» **Exercise**
Only the lines from the beginning of the data through the line holding "优采云 发布时间: 2021-08-30" belong in the answer, printed exactly and without pictures.

» **Given information**
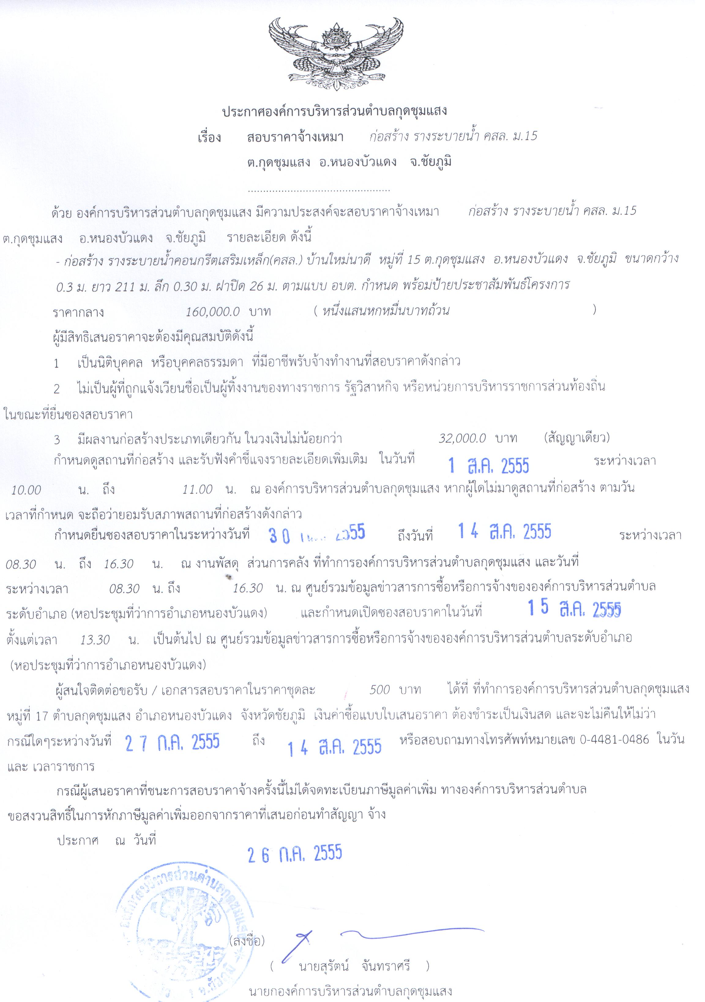 ประกาศ เรื่อง สอบราคาจ้างเหมา ก่อสร้างรางระบายน้ำ คสล.หมู่ 15
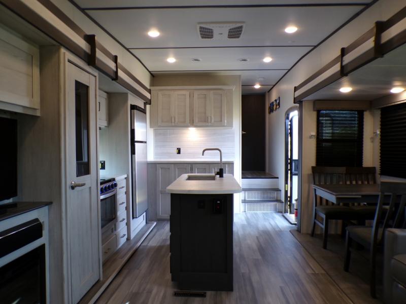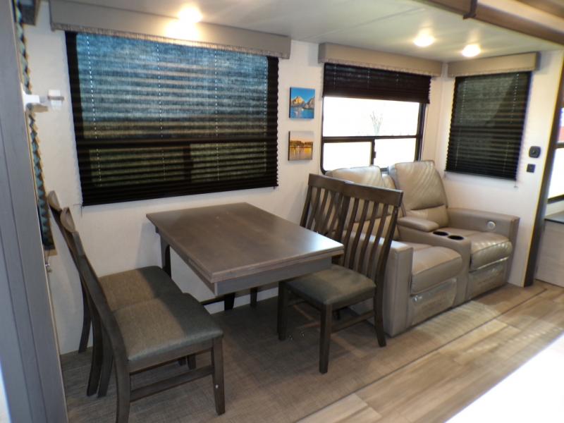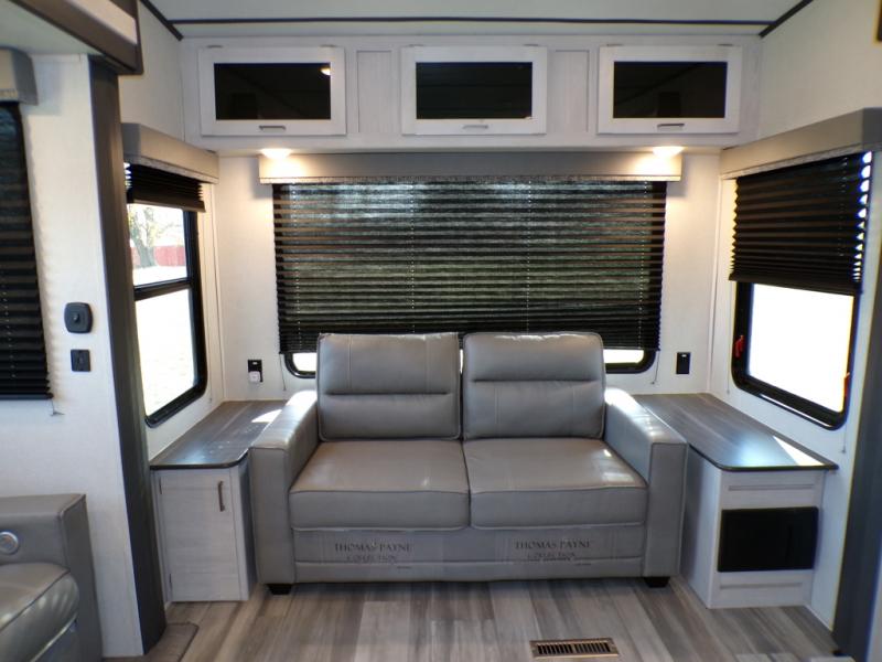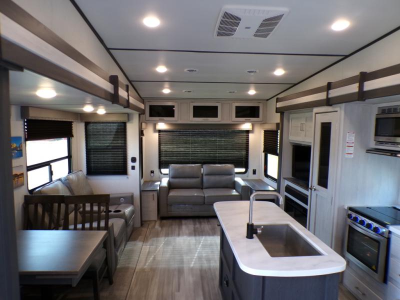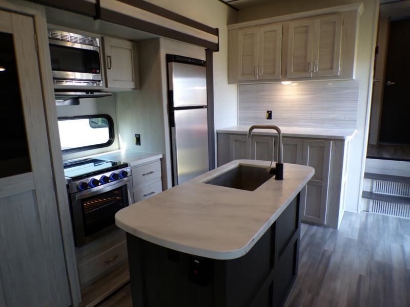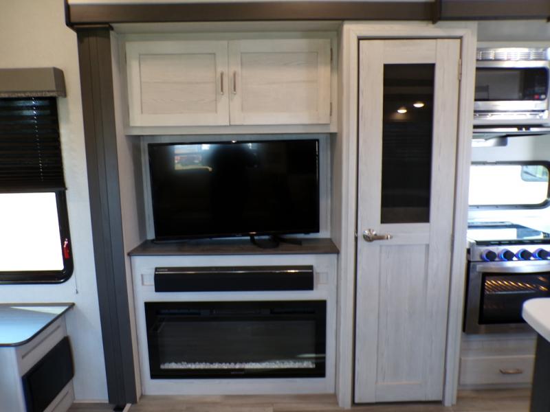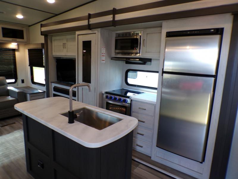 This fifth wheel will be calling your name after a long hike to enjoy the queen-size tri-fold sofa, the full reclining theatre seats with massage, lights and USB charging, and the 40" LED HD TV with fireplace/heater below. When you are rested, you can prepare and cook meals in the full kitchen with a three-burner gas range with a 21" stainless steel oven, a glass top and piezo electronic ignite, plus a stainless steel microwave with carousel, and an 8 cu. ft. refrigerator. The kitchen island and extra prep area will come in handy when making those holiday meals. The front private bedroom offers a residential queen bed, a slide out wardrobe, two nightstands and outlets to keep everything charged. And the double entry bathroom will come in handy, plus the residential shower with a seat will be relaxing. There are many more features including along the exterior such as the central hookup station with hot and cold water hookup, the ladder for roof access, the LP quick connect, the outdoor TV prep and more!
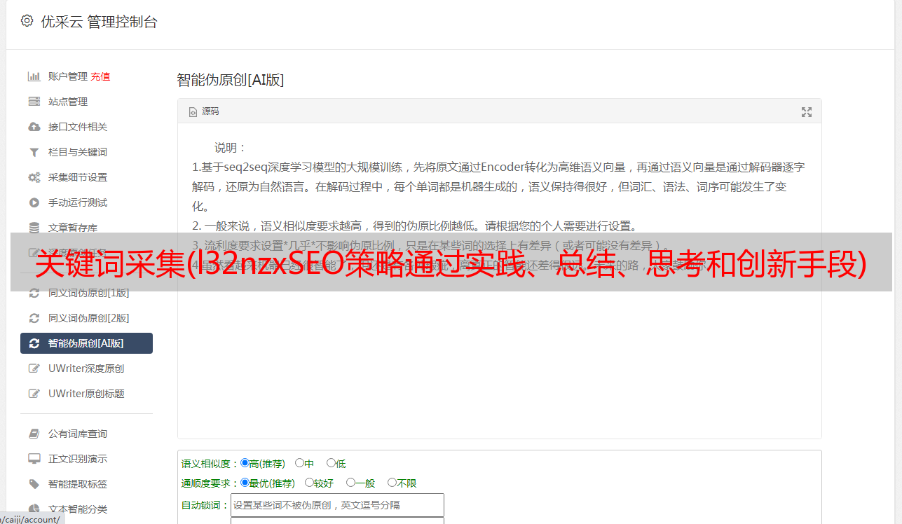 优采云 发布时间: 2021-08-30 13:16关键词采集(l32nzxSEO策略通过实践、总结、思考和创新手段)
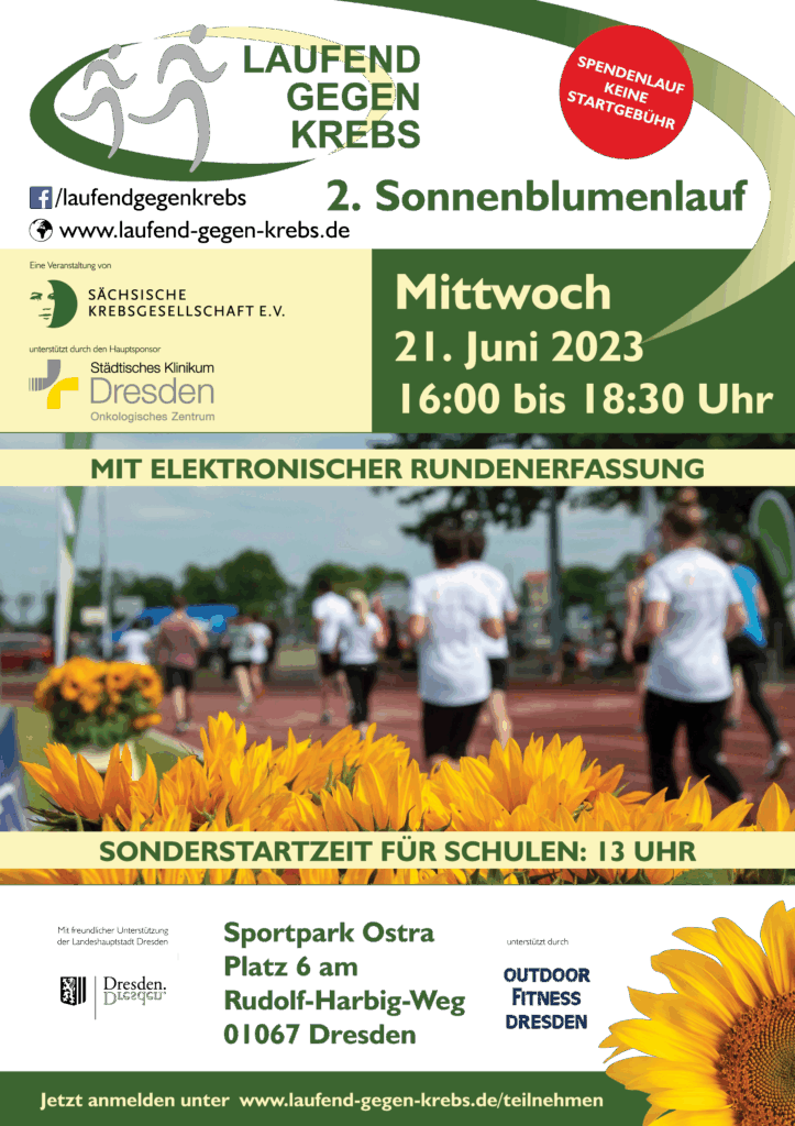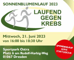 Der Lauf am 21.Juni 2023 steht unter dem Motto Sonnenblumenlauf. Die Sonnenblume steht als Symbol für Lebenswille und Lebensfreude. Das Prinzip: Man läuft einzeln oder im Team so viel, wie man will oder kann. Für jede Runde zahlt ein vom Läufer gewonnener Sponsor (oder er selbst) einen Beitrag. Mit diese Spenden werden Projekte unterstützt wie – die Sporttherapie von Sonnenstrahl e. V. Dresden, Informationspunkte der Sächsische Krebsgesellschaft im ländlichen Raum, oder Wohngemeinschaftsprojekte zur Schaffung von Wohngemeinschaft für Betroffene und Angehörige in einer altersgerechten Wohnumgebung.

» **Worked solution**
 ประกาศ เรื่อง สอบราคาจ้างเหมา ก่อสร้างรางระบายน้ำ คสล.หมู่ 15
 This fifth wheel will be calling your name after a long hike to enjoy the queen-size tri-fold sofa, the full reclining theatre seats with massage, lights and USB charging, and the 40" LED HD TV with fireplace/heater below. When you are rested, you can prepare and cook meals in the full kitchen with a three-burner gas range with a 21" stainless steel oven, a glass top and piezo electronic ignite, plus a stainless steel microwave with carousel, and an 8 cu. ft. refrigerator. The kitchen island and extra prep area will come in handy when making those holiday meals. The front private bedroom offers a residential queen bed, a slide out wardrobe, two nightstands and outlets to keep everything charged. And the double entry bathroom will come in handy, plus the residential shower with a seat will be relaxing. There are many more features including along the exterior such as the central hookup station with hot and cold water hookup, the ladder for roof access, the LP quick connect, the outdoor TV prep and more!
 优采云 发布时间: 2021-08-30 13:16关键词采集(l32nzxSEO策略通过实践、总结、思考和创新手段)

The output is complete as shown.